- [PROBLEM TO WORK ON]
Begin the copy at the line containing "如果考虑到西北地区本身降水稀少,这几十年来降水的变化不可谓不大。" in the data below and end it at the line containing "Bardzo fajnie, że", keeping each line exact and leaving out pictures.

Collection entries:

• • • • •

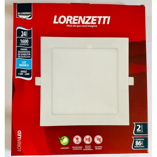 Lúminaria Painel Plafon Embutir Quadrado Teto/Laje Led 6w/12w/18w/24w (6500k) Lorenzetti
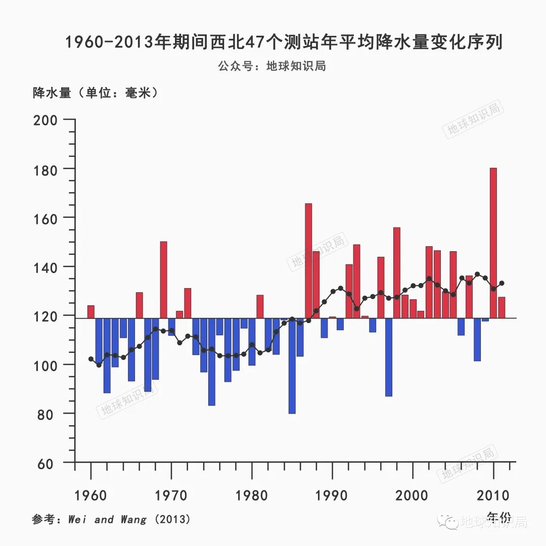 如果考虑到西北地区本身降水稀少,这几十年来降水的变化不可谓不大。
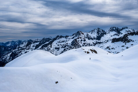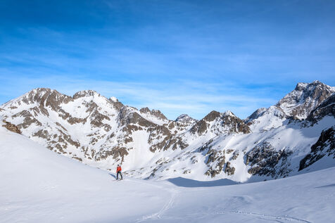 SKI TOURING IN THE PYRENEES NATIONAL PARK AROUND THE NEW MARCADAU REFUGE.
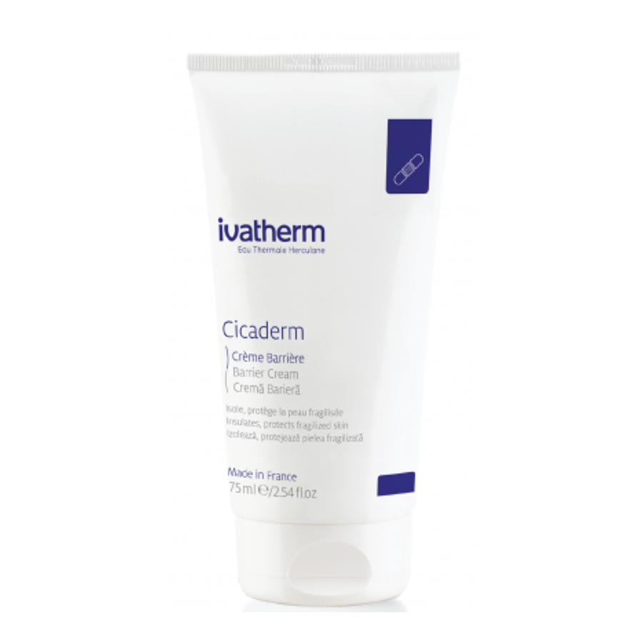 Cicaderm Cremă Bariera, izolează, protejează pielea fragilizata, 75ml, Ivatherm Izoleaza, repara și protejeaza pielea expusa accidental sau constant substantelor iritante sau alergene. Recomandata in cazul folosirii zilnice a manusilor de latex: medici, lucratori in alimentatie, hair stylisti etc; iritatiilor produse de substante chimice folosite in menaj sau activitati industriale, expunerii zilnice la detergentii de vase, iritatiilor produse de produse cosmetice, vopseluri, diversi poluanti din atmosfera. Formeaza o bariera protectoare la nivelul pielii impotriva factorilor poluanti, iritanti si alergeni. Reface integritatea pielii, calmeaza si asigura confortul pe termen lung. Previne si reduce riscul dezvoltarii dermatitei de contact.
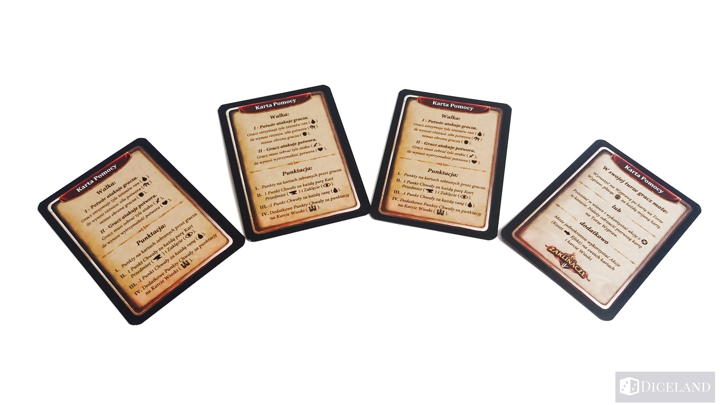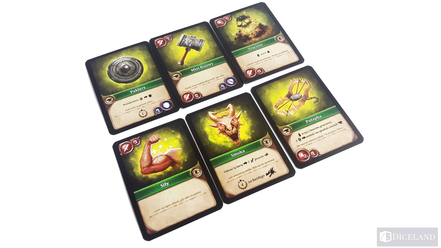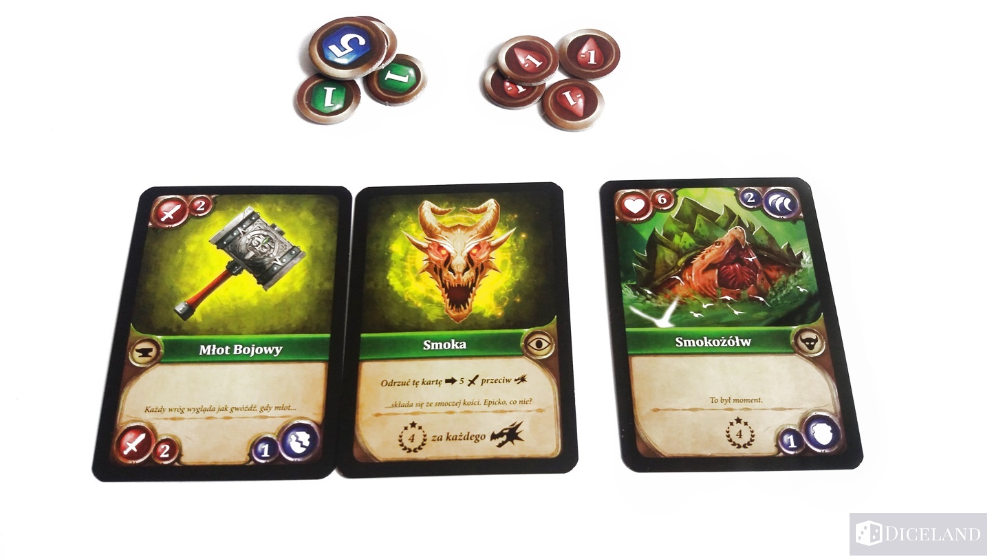 Bardzo fajnie, że twórcy gry pokusili się o dodatkowy smaczek w postaci akcentów humorystycznych. Na każdej karcie broni i zaklęcia znajdziemy fragment tekstu, który w połączeniu z drugą kartą tworzy mniej lub bardziej logiczną całość. Z całą pewnością niektóre połączenia naprawdę potrafią rozbawić. Oprócz wcześniej wspomnianego utraconego potencjału grafik na wioskach, dostrzegłem wadę w postaci bardzo często pojawiających się potworów „najniższego szczebla” jest ich zdecydowanie za dużo, a rozwiązanie tego problemu pojawiło się właśnie w edycji zagranicznej, gdzie kosztem dwóch najsłabszych potworów – pojawiły się dwa bardzo silne, które stanowią przedsmak walki ze smokiem. Należy również wspomnieć o złym doborze kolorów rewersów kart, twórcy mogli się pokusić o nieco inne barwy lub symbole na poszczególnych kartach. Jak dobrze się domyślacie tą mini wadę twórcy również poprawili w wydaniu zagranicznym. Jednakże wszystkie wcześniej wspomniane wady, nie psują ostatecznego werdyktu i nie mają żadnego wpływu na doznania płynące z samej rozgrywki.
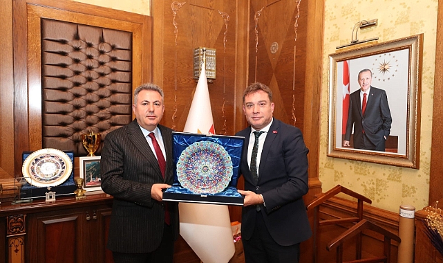 Başkan Demirezen, Vali Elban’a bir hediye plaketi sundu.
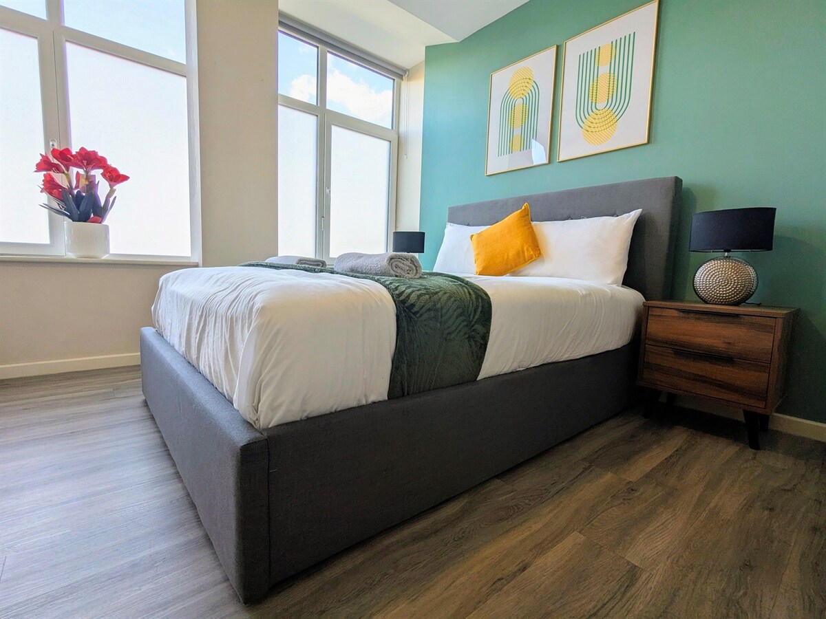 ¡Bienvenido a tu elegante hogar lejos de casa en Manchester! Este moderno y espacioso apartamento de 2 dormitorios + 1 salón ofrece la base perfecta para familias, viajeros de negocios o grupos que exploran la ciudad. Este lugar es un apartamento de dos dormitorios situado muy cerca de Media City, Salford Quays y el estadio de fútbol del Manchester United. Este es un alojamiento ideal para parejas, trabajadores y viajeros. Hay plazas de aparcamiento gratuitas cerca del edificio en la calle, a solo 2-3 minutos a pie.
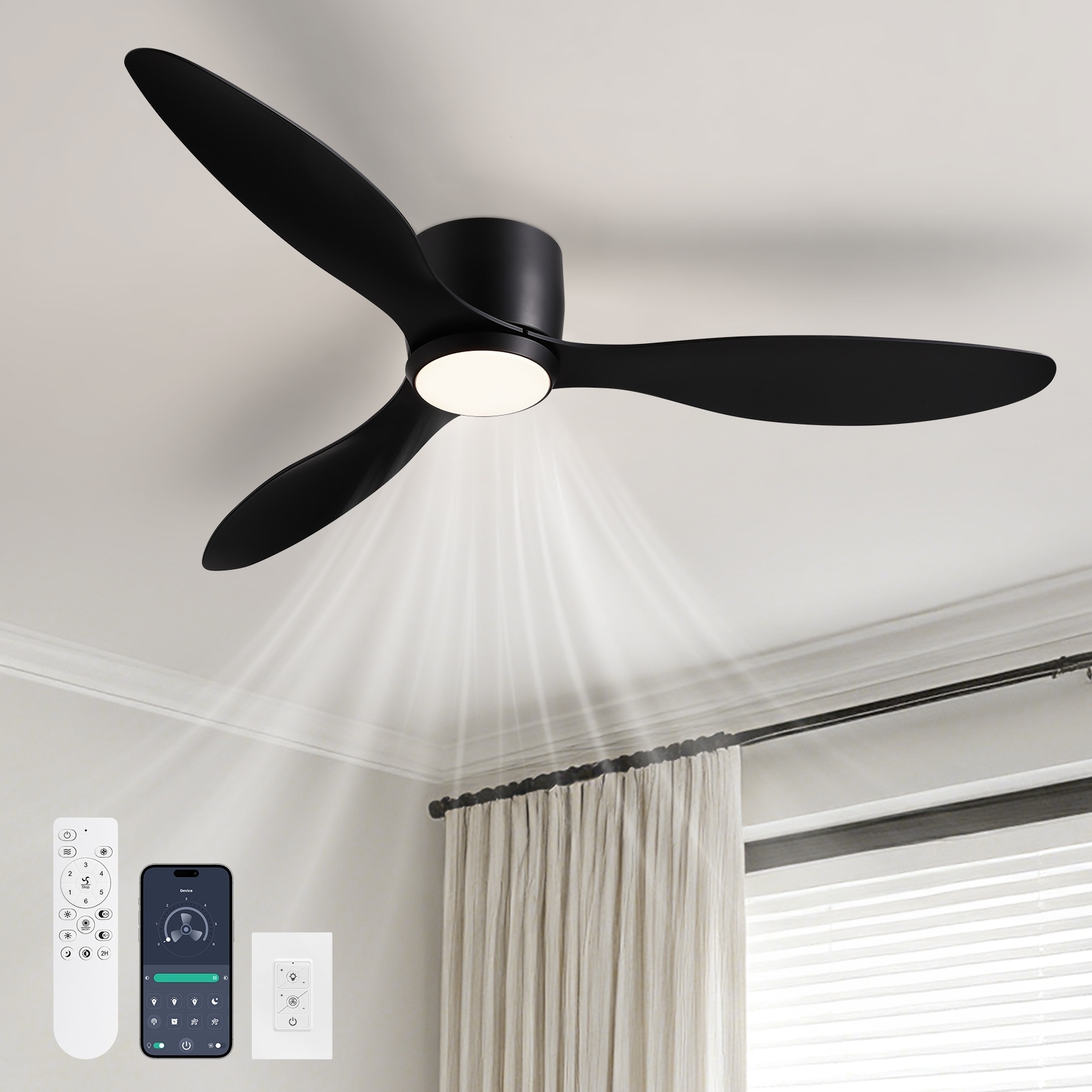 Smart 3-Blade Low Profile Ceiling Fan with Dimmable LED Light

• • • • •

- [RESULT OF THE TASK]
 如果考虑到西北地区本身降水稀少,这几十年来降水的变化不可谓不大。
 SKI TOURING IN THE PYRENEES NATIONAL PARK AROUND THE NEW MARCADAU REFUGE.
 Cicaderm Cremă Bariera, izolează, protejează pielea fragilizata, 75ml, Ivatherm Izoleaza, repara și protejeaza pielea expusa accidental sau constant substantelor iritante sau alergene. Recomandata in cazul folosirii zilnice a manusilor de latex: medici, lucratori in alimentatie, hair stylisti etc; iritatiilor produse de substante chimice folosite in menaj sau activitati industriale, expunerii zilnice la detergentii de vase, iritatiilor produse de produse cosmetice, vopseluri, diversi poluanti din atmosfera. Formeaza o bariera protectoare la nivelul pielii impotriva factorilor poluanti, iritanti si alergeni. Reface integritatea pielii, calmeaza si asigura confortul pe termen lung. Previne si reduce riscul dezvoltarii dermatitei de contact.
 Bardzo fajnie, że twórcy gry pokusili się o dodatkowy smaczek w postaci akcentów humorystycznych. Na każdej karcie broni i zaklęcia znajdziemy fragment tekstu, który w połączeniu z drugą kartą tworzy mniej lub bardziej logiczną całość. Z całą pewnością niektóre połączenia naprawdę potrafią rozbawić. Oprócz wcześniej wspomnianego utraconego potencjału grafik na wioskach, dostrzegłem wadę w postaci bardzo często pojawiających się potworów „najniższego szczebla” jest ich zdecydowanie za dużo, a rozwiązanie tego problemu pojawiło się właśnie w edycji zagranicznej, gdzie kosztem dwóch najsłabszych potworów – pojawiły się dwa bardzo silne, które stanowią przedsmak walki ze smokiem. Należy również wspomnieć o złym doborze kolorów rewersów kart, twórcy mogli się pokusić o nieco inne barwy lub symbole na poszczególnych kartach. Jak dobrze się domyślacie tą mini wadę twórcy również poprawili w wydaniu zagranicznym. Jednakże wszystkie wcześniej wspomniane wady, nie psują ostatecznego werdyktu i nie mają żadnego wpływu na doznania płynące z samej rozgrywki.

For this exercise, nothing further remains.